Quintero
- Product type: Cigar
- Owner: Imperial Brands
- Produced by: Habanos S.A.
- Country: Cuba
- Introduced: 1924; 101 years ago
- Related brands: Cohiba Montecristo Romeo y Julieta
- Website: habanos.com/quintero

= Quintero (cigar) =

Brand of premium cigars produced in Cuba

Quintero is a cigar brand owned by British conglomerate Imperial Brands. The cigars are produced in Cuba by Habanos S.A., a state-owned tobacco company.

==History==
The Quintero cigar brand was created as Quintero y Hermanos or Quintero and Brothers, when Agustín Quintero and his four brothers opened a small cigar factory in the town of Cienfuegos, Cuba in 1924 and began producing a handmade cigar.

Quintero is popular in Cuba and in Spain.
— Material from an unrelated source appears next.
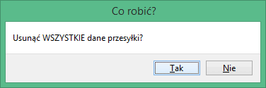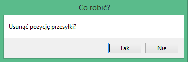 . System zażąda potwierdzenia chęci usunięcia pozycji przesyłki wyświetlając okno:
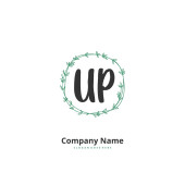U P UP Wstępny projekt pisma i logo podpisu z okręgiem. Piękny projekt ręcznie pisane logo mody, zespołu, ślubu, luksusowe logo.

By the 1940s, Quintero y Hermanos had opened a larger rolling factory in Havana, and had begun using prime tobaccos from the Vuelta Abajo region.

It the early 1960s, after Fidel Castro nationalized the Cuban cigar industry, Quintero became a primarily machine-made cigar, and most of the handmade sizes were dropped in favor of machine-made or hand-finished cigars using short filler tobaccos. For many years, Quintero was the only Cuban machine-made brand to be globally marketed by Habanos SA.

In 2002, as part of a marketing strategy to promote Cuban cigars, the Cuban government marketing organization, Habanos S.A. chose to discontinue machine-made cigars in favor of handmade versions.